We (the authors) would like to thank you for your time and effort to review our paper. Your comments are invaluable in improving the quality of our paper.

 

1. In figure 4 to 7, AUC is used as evaluation index. It was better to add other evaluation indexes, such as balanced accuracy, f-value, PR_AUC, and matthews correlation coefficient.

Answer: Thank you for your valuable comment. We used the suggested evaluation indexes and modified the manuscript accordingly. The results were included in Supplementary figure 1.

 

2. As for the neural network used in this study, it was better to show the structure as figure.

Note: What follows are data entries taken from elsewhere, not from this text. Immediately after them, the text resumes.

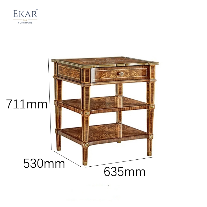 The standout feature of this luxury side table lies in its breathtaking material selection and artisanal surface design, specifically curated for the discerning global eye. The expansive top surface and the two lower tiers are adorned with rare burl wood veneers, showcasing a multi-dimensional grain that radiates a deep, honey-amber warmth. Master artisans at our Foshan customized furniture factory hand-select and book-match every veneer sheet to ensure a visually symmetrical and opulent finish across all levels. The edges are framed with intricate geometric inlays and contrasting timbers, creating a rhythmic visual harmony that catches the light from every angle. This level of material excellence and hand-finished beauty is why our collections are a primary choice for the India imported furniture sector and among prestigious interior designers seeking "one-of-a-kind" quality for their highest-profile residential customized furniture projects.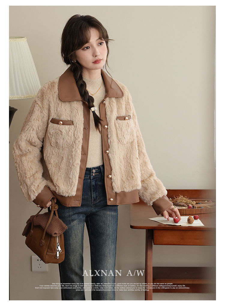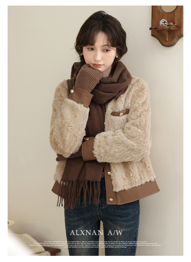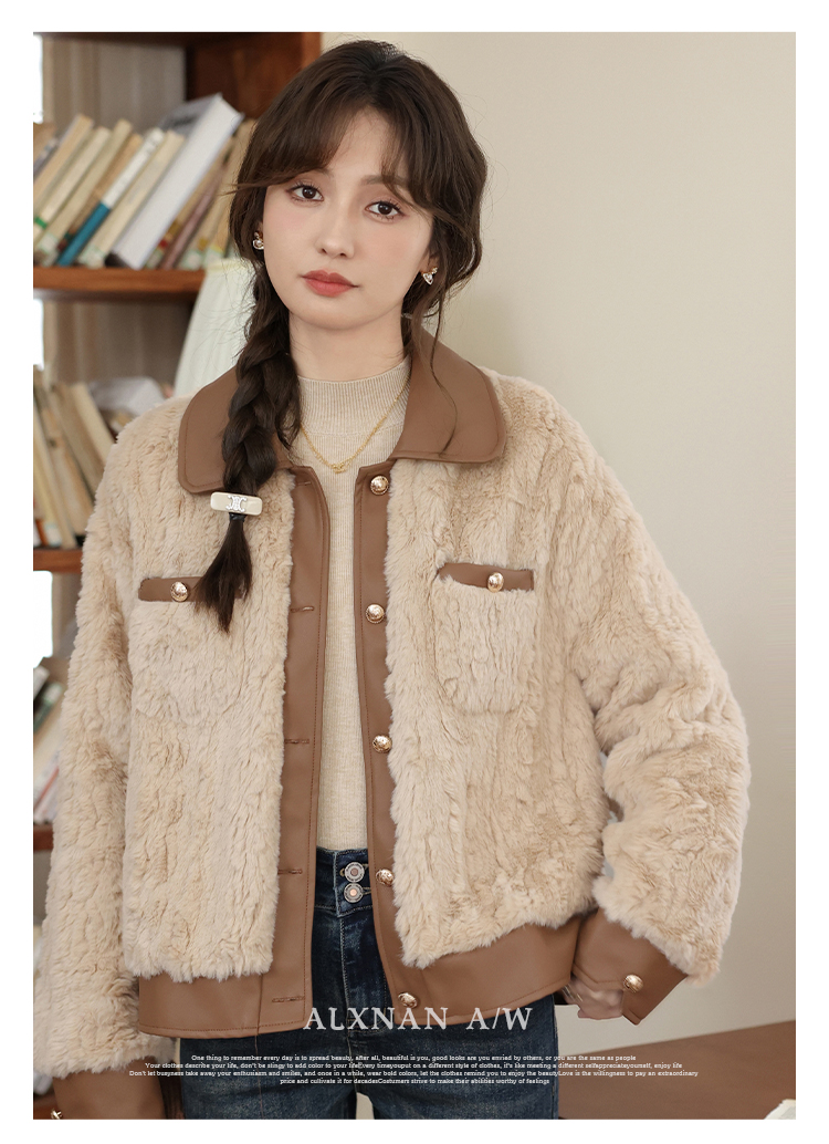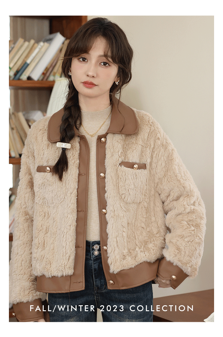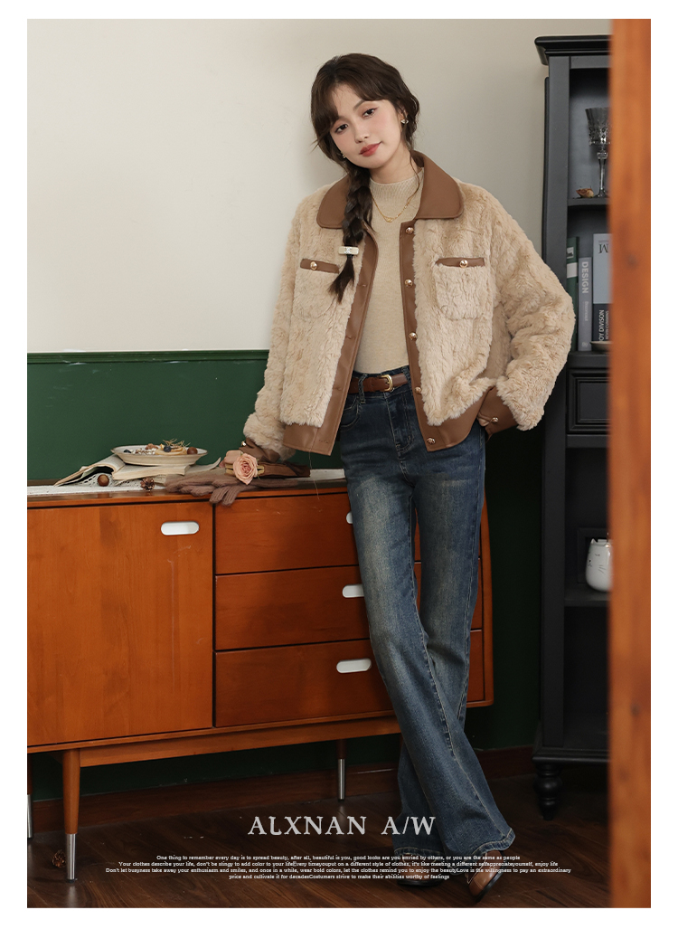 鹿向南《榛果拿铁》羊羔毛外套女秋冬款休闲美拉德短款保暖上衣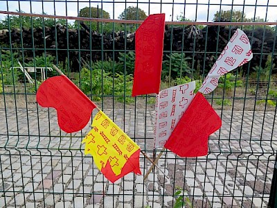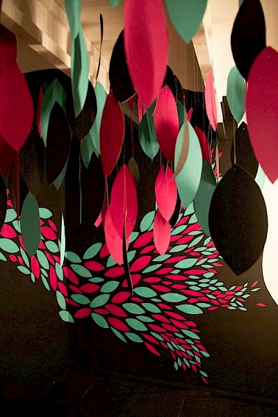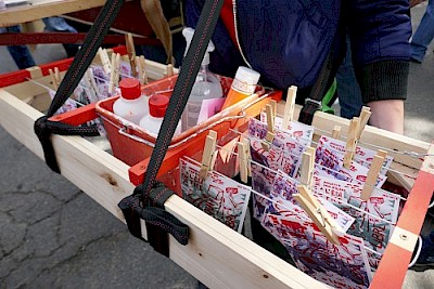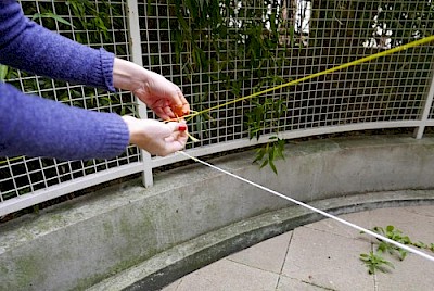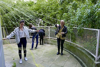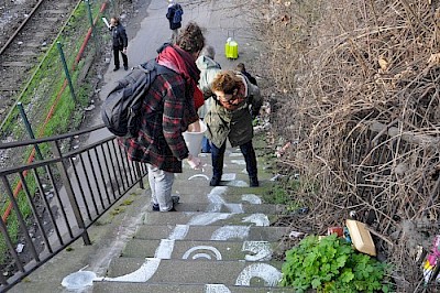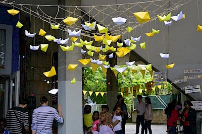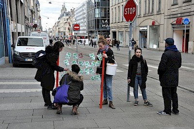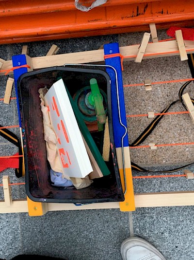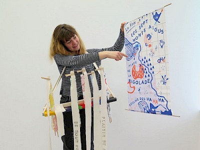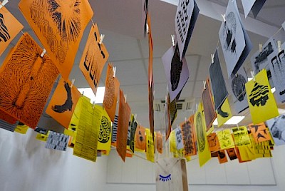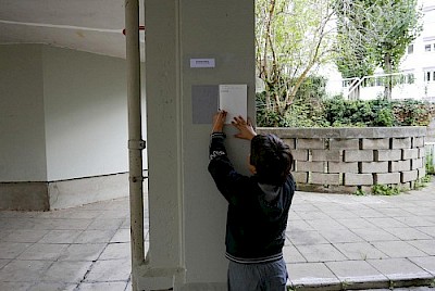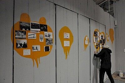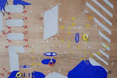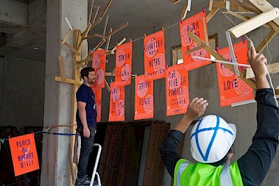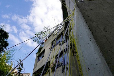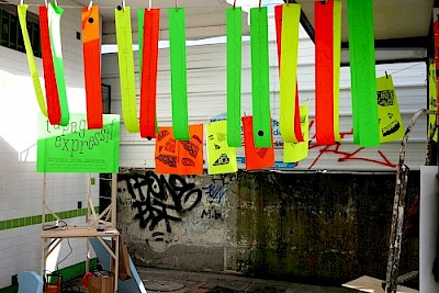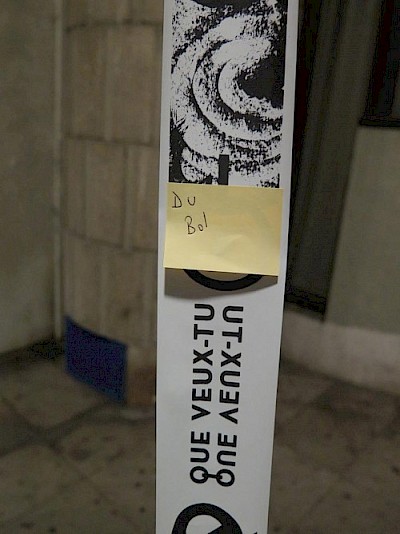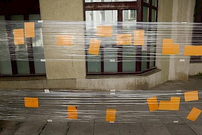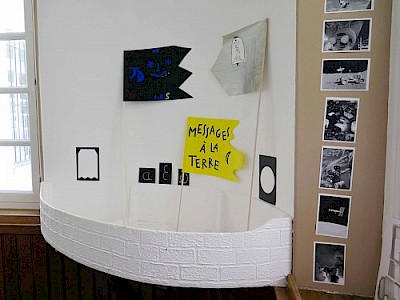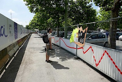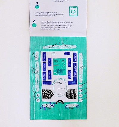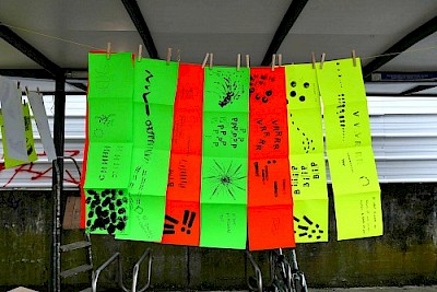 "Remonter les questions" est une installation accrochée dans l’espace situé devant le local utilisé par le collectif, afin de valoriser la parole des habitants. Au moyen de fils tendus en hauteur, des bandelettes de papier réalisées à l'imprimante thermique ont été suspendues les unes à côté des autres, comportant des interventions graphiques…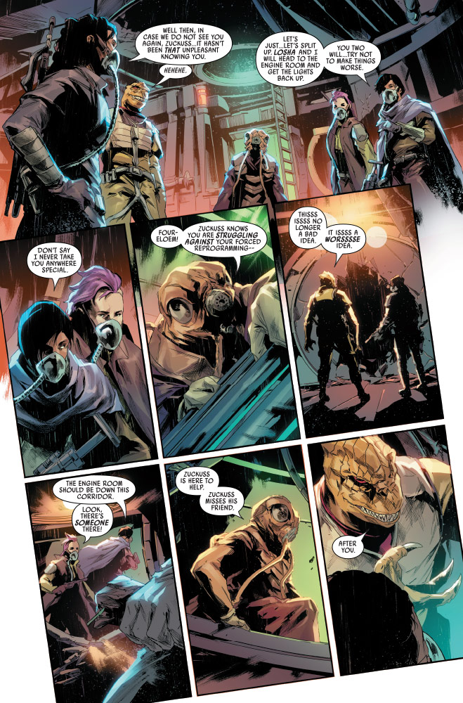 FORLORN FOR 4-LOM! T’ONGA and her bounty hunters are desperate to recover 4-LOM for their mission…but the upgraded killer droid is the one hunting them aboard a ghost ship. Can ZUCKUSS survive a reunion with his onetime partner? Meanwhile, VUKORAH makes her move…and the criminal underworld will never be the same!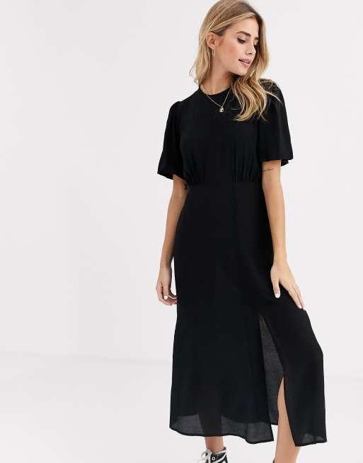 Plain Design Mini Ultimate Cotton Smock Dress Black Jersey Crew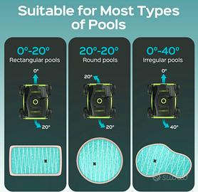 Adatto a tutti i tipi di piscine (pendenza <15°): Con ugelli regolabili, questo robot piscina pulisce piscine interrate/fuori terra (rotonde/rettangolari), raggiungendo ogni angolo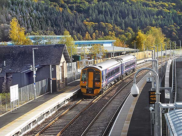 ![]() Stow station looking south from the footbridge. On 21 October 2015 the15.08 departure for Galashiels and Tweedbank is formed of Class 158 DMU 158 726. Part of the building of the original station is to the left of the train. The large modern building behind it is Stow Primary School. Photo by Alan Young

Answer: Thank you for your constructive comment. We modified Figure 1 to show the neural network structure.

 

3. In figure 5, as for the performances, it was better to calculate the statistical significances by multiple testing.

Answer: Thank you for your valuable comment. We calculated the statistical significances and showed them in Figure 8.

 

4. In 3.4 comparison on different machine learning methods, it was better to add results by other machine learnings, such as random forest, vgboost, lightgbm, and catboost etc.

Answer: Thank you for your constructive comment. We compared the neural network with suggested machine learning methods and added the results as Figure 7 in section 3.3.

 

5. In discussion section, it was better to add advantages/disadvantages of this method with previous reports, and referrences.

Answer: Thank you for your valuable comment. We added advantages and disadvantages of the proposed method in the Discussion.

 

6. In addition, it was better to conclusion section to show the novelty in this study.

Answer: Thank you for your constructive comment. We added novelty of the proposed method in the Discussion.

Author Response File: Author Response.doc

Round 2

Reviewer 2 Report

This manuscript entitled "Accurate Prediction of Cancer Prognosis by Exploiting Patient Specific Cancer Driver Genes" by Lee S. et al., has benn corrected clearly according to reviewers comments. It will be very important and significant report in this field.